§ **Exercise goal**
Give back every record below in full and exactly, but without a single image.

§ **Input for this task**
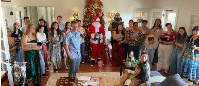
The Chamber Singers for the University of Hawai'i, Mānoa charmed staff and families with Christmas carols and an impromptu rendition of "Happy Birthday" for a house guest who had just turned one years old.

This past October, the House had a visit from Ronald himself! He also brought breakfast from McDonald's. We love being able to have fun days like this for the keiki and 'ohana at the House.
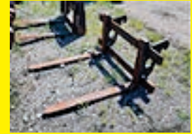
2014 44IN. FORKS for Cat 908H, 55in. Carriage. WERK-BRAU 60IN. FORKS RUBBED TIRED LOADER ATTACHMENT SN:263315-2-2
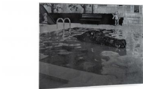
Imitation of Life (5/5), 2023
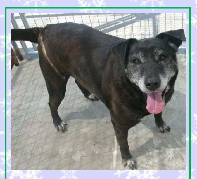
Las Lomas K9 Rescue PO Box 494 Floresville TX 78114 www.dogsrus.org

Foundation believes these dogs are truly an important part of us and we take their lives and well-being very seriously. We search for loving, safe, and caring homes where the dogs remain as family. When you adopt a dog from us, you become part of the family. We gladly take back any dog that we have adopted out that isn't working out in his or her new home, for any reason, for life. In fact, we require the animals be returned to us if they don't work out in their new home. This way, the adoptive parents don't have to worry about what to do and we know the dog is safe back with us.
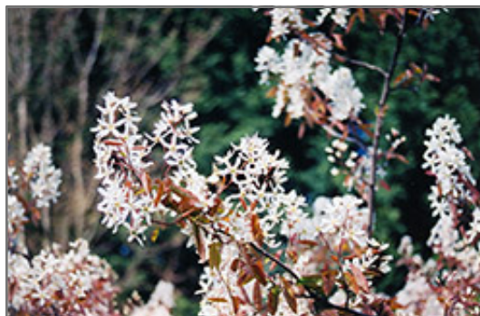
Cole's Select Serviceberry flowers

Cole's Select Serviceberry will grow to be about 15 feet tall at maturity, with a spread of 15 feet. It has a low canopy with a typical clearance of 3 feet from the ground, and is suitable for planting under power lines. It grows at a medium rate, and under ideal conditions can be expected to live for 40 years or more.

§ **Output for this exercise**
The Chamber Singers for the University of Hawai'i, Mānoa charmed staff and families with Christmas carols and an impromptu rendition of "Happy Birthday" for a house guest who had just turned one years old.

This past October, the House had a visit from Ronald himself! He also brought breakfast from McDonald's. We love being able to have fun days like this for the keiki and 'ohana at the House.
2014 44IN. FORKS for Cat 908H, 55in. Carriage. WERK-BRAU 60IN. FORKS RUBBED TIRED LOADER ATTACHMENT SN:263315-2-2
Imitation of Life (5/5), 2023
Las Lomas K9 Rescue PO Box 494 Floresville TX 78114 www.dogsrus.org

Foundation believes these dogs are truly an important part of us and we take their lives and well-being very seriously. We search for loving, safe, and caring homes where the dogs remain as family. When you adopt a dog from us, you become part of the family. We gladly take back any dog that we have adopted out that isn't working out in his or her new home, for any reason, for life. In fact, we require the animals be returned to us if they don't work out in their new home. This way, the adoptive parents don't have to worry about what to do and we know the dog is safe back with us.
Cole's Select Serviceberry flowers

Cole's Select Serviceberry will grow to be about 15 feet tall at maturity, with a spread of 15 feet. It has a low canopy with a typical clearance of 3 feet from the ground, and is suitable for planting under power lines. It grows at a medium rate, and under ideal conditions can be expected to live for 40 years or more.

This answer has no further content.